You are viewing a plain text version of this content. The canonical link for it is here.
Posted to issues@flink.apache.org by "Nick Burkard (Jira)" <ji...@apache.org> on 2021/01/03 13:28:00 UTC

[jira] [Comment Edited] (FLINK-13414) Add support for Scala 2.13

    [ https://issues.apache.org/jira/browse/FLINK-13414?page=com.atlassian.jira.plugin.system.issuetabpanels:comment-tabpanel&focusedCommentId=17257763#comment-17257763 ] 

Nick Burkard edited comment on FLINK-13414 at 1/3/21, 1:27 PM:
---------------------------------------------------------------

Hi everyone,

I spent the past few days working on this, building on [~ariskoliopoulos]'s work - there's a lot of work that will be needed to properly migrate to supporting 2.13. I was using [this document|https://docs.scala-lang.org/overviews/core/collections-migration-213.html] provided by Scala's website, plus their [compat library|https://github.com/scala/scala-collection-compat], to handle the migration steps. I wanted to get the community's opinion on a few different points. I think the work can be split into a few different tickets to limit overall impact.

#1 - Scala 2.11 is very old, most modern Scala libraries do not support it anymore.
 The typical support path is 2.12 and 2.13. Supporting 2.11 while also supporting 2.13 will make this migration process more difficult. If there's consensus to drop 2.11 support, perhaps that should come as part of its own ticket first. This will make upgrading libraries to support 2.13 much easier as well. On the subject of 2.12, I noticed `flink-scala-shell` only supports 2.11 and I am unaware if there's interests to continue upgrading it. Wanted to mention it in case anyone else has insight.

#2 - Flink makes extensive use of implicit type conversions.
 A lot of Flink's Scala code, especially in the flink-table submodules, make repeated use of implicit conversions to convert between Java & Scala types. I mention this because `import scala.collection.JavaConversions.__`_ is entirely gone in 2.13, which is what provides said implicit conversions. We can instead start to import scala.collection.convert.ImplicitConversions._, which is still present (albeit deprecated) in 2.13. Worth noting this new import is not present in 2.11, it would need to come after point #1. Again, I think this could be its own ticket so as to limit the impact.

#3 - `TraversableOnce` is gone in 2.13.
 Internal Java code uses `TraversableOnce` for [two|https://github.com/apache/flink/blob/master/flink-scala/src/main/java/org/apache/flink/api/scala/typeutils/TraversableSerializerConfigSnapshot.java] [serializers|https://github.com/apache/flink/blob/master/flink-scala/src/main/java/org/apache/flink/api/scala/typeutils/TraversableSerializerSnapshot.java], with comments explicitly stating neither cannot be written in Scala due to constructor limitations with the language. This poses a problem, since as far as I can tell we can't import the Scala compat library to get access to `IterableOnce` in Java code for cross-compiling. We may have to move these two files into separate java folders that maven conditionally compiles based on Scala version - one for `TraversableOnce` with 2.12 and one for `IterableOnce` with 2.13. I was able to get it compiling with this strategy but am open to other suggestions.
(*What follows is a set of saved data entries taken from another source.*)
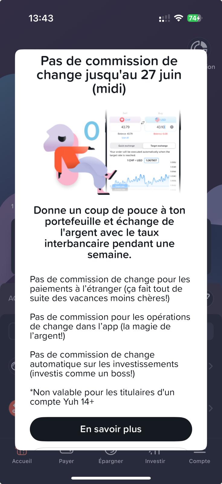 YUH fait le change à 0,00% une fois par an depuis plusieurs années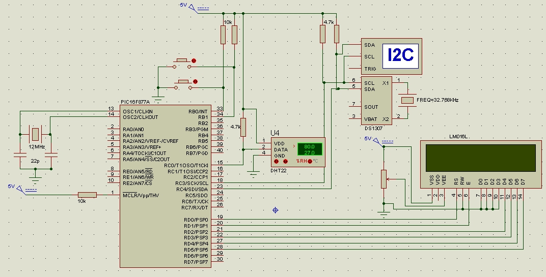 كنت قد وضعت موضوعين مستقلين في المنتدى الأول يتحدث عن ربط الحساس DHT11 وهو حساس حرارة ورطوبة بالمتحكمين PIC16F84A & PIC16F877A والموضوع الثاني يتحدث عن ربط المتحكم PIC16F877A بالمتكاملة DS1307 من أجل الوصول الى ساعة رقمية حقيقية.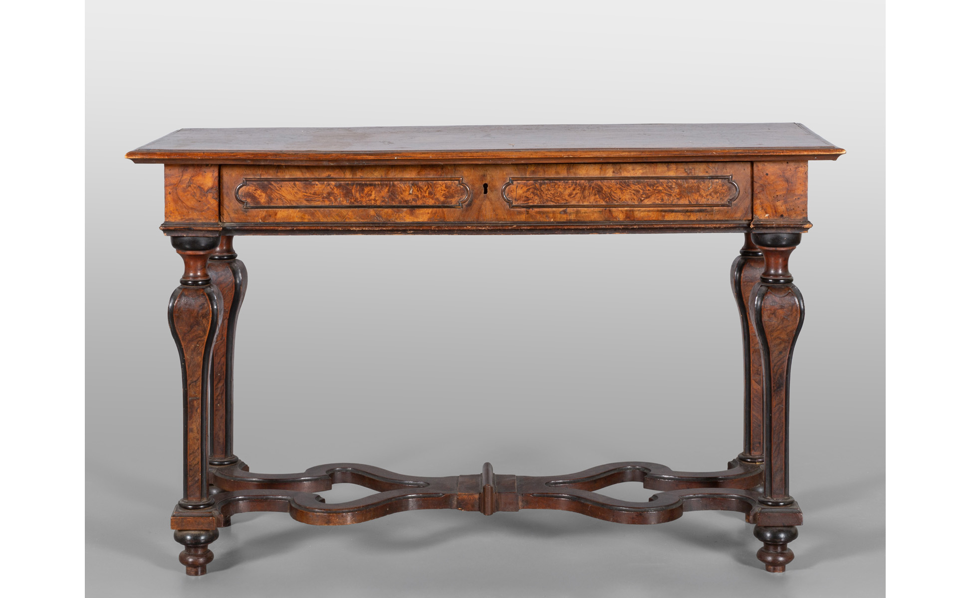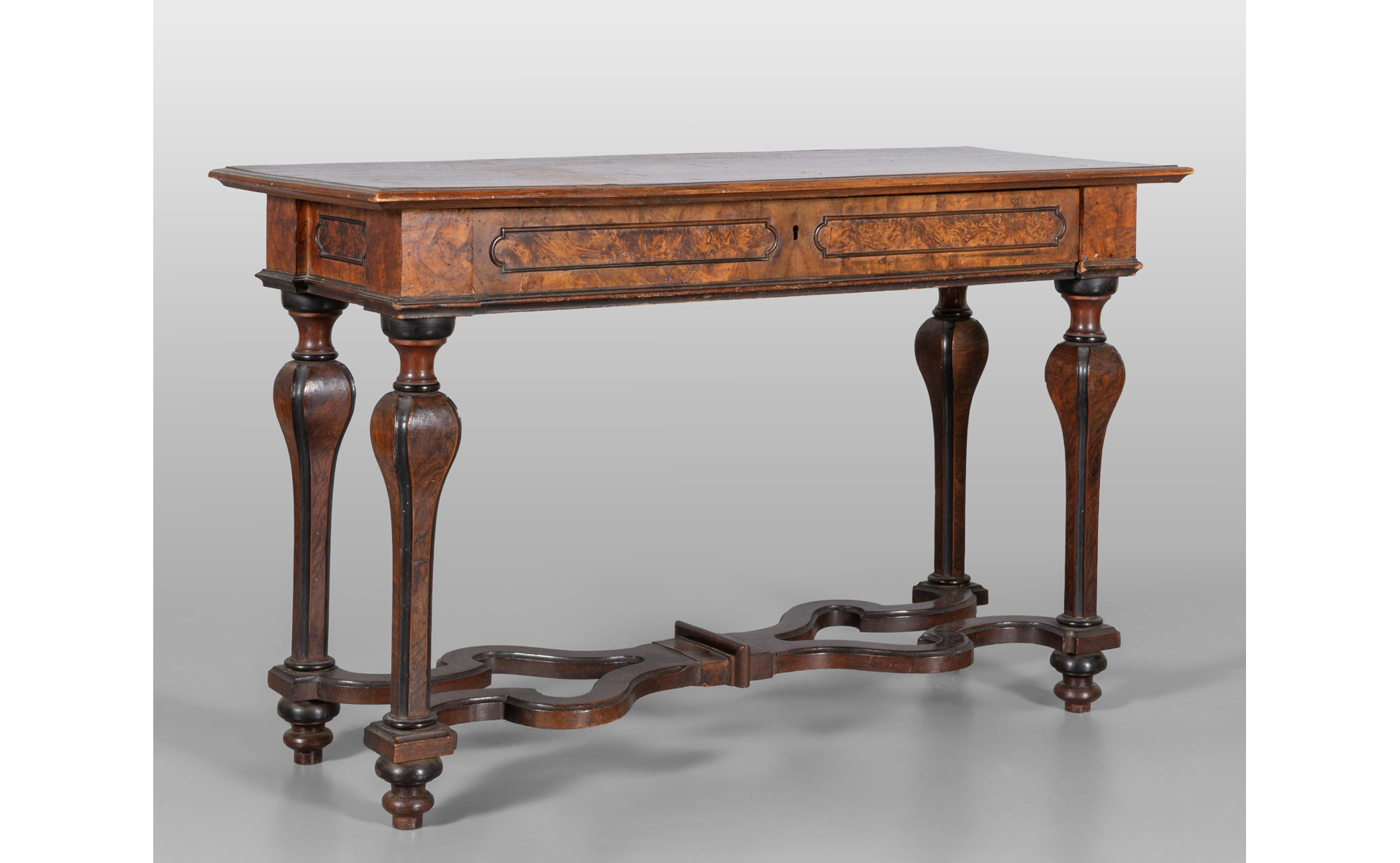 Tavolo da centro Luigi XIV lastronato in radica di tuja, cassetto nella fascia, Lombardia sec.XVIII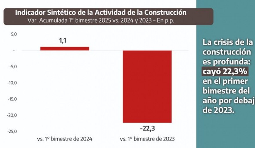 El funcionario provincial atribuyó esta contracción principalmente a la paralización de la obra pública nacional, una medida que, según afirmó, ha tenido un impacto decisivo en el desplome del sector.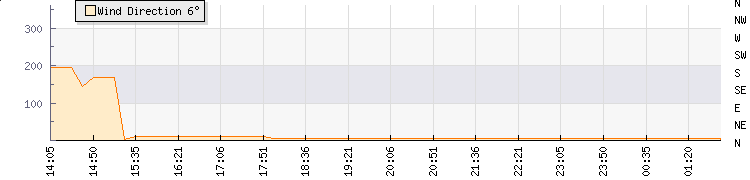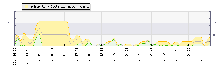 In the last few minutes the wind was Northerly at an average speed of 1 knots, reaching up to 2 knots and a low of 0 knots. The gust strength is2 knots above the minimum speed |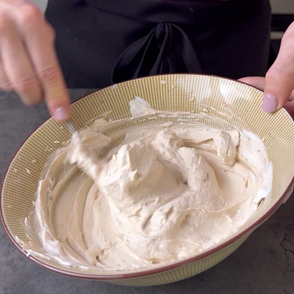 hazlo incorporar con un tenedor o una espátula y con movimientos de arriba abajo para no desmontar la crema.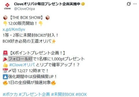 cloveオリパの公式Xでは、ポストをフォロー&RTをすると抽選でポイントが手に入るクーポンがもらえるキャンペーンを毎日開催しています。

#4 - Collection conversion has changed.
 The collection compat library will mitigate the difficulty in making this change, specifically from using `collection.to[Type]` to using `collection.to(Type)`. Probably safe to also include the change for switching from `mutable.MutableList` to `mutable.ListBuffer` here since its surface area is not as user-facing.

#5 - Code generation has changed.
 Like previously mentioned, the migration from `CanBuildFrom` to `Factory` / `BuildFrom` will be necessary, but shouldn't be large, since it's contained to the module `flink-scala` from what I could tell.

#6 - `Seq` in 2.12 and 2.13 mean different things.
 2.12 refers to the mutable version, while 2.13 refers to the immutable version. This is also present in varargs Scala APIs, such as `env.fromCollection("one", "two")`. This poses a problem, as `Seq` is used in each of the Scala modules and is quite prevalent in user-facing APIs. Although the ambiguity for varargs between versions can't be avoided, we could choose to disambiguate typical `Seq` use for 2.12 and 2.13 by enforcing consistent usage. This is likely where most of the work will reside depending on the strategy chosen. The aforementioned migration doc provides a few options, such as internally shadowing `Seq` to make unqualified use illegal (i.e. only allow `immutable.Seq` or `collection.Seq`, not `Seq`). I did notice some issues with the type serializer though with using qualified versions (`immutable.Seq`), so perhaps we want to consider shading `Seq` to always mean one version? Either way, this is a large change and should be discussed early.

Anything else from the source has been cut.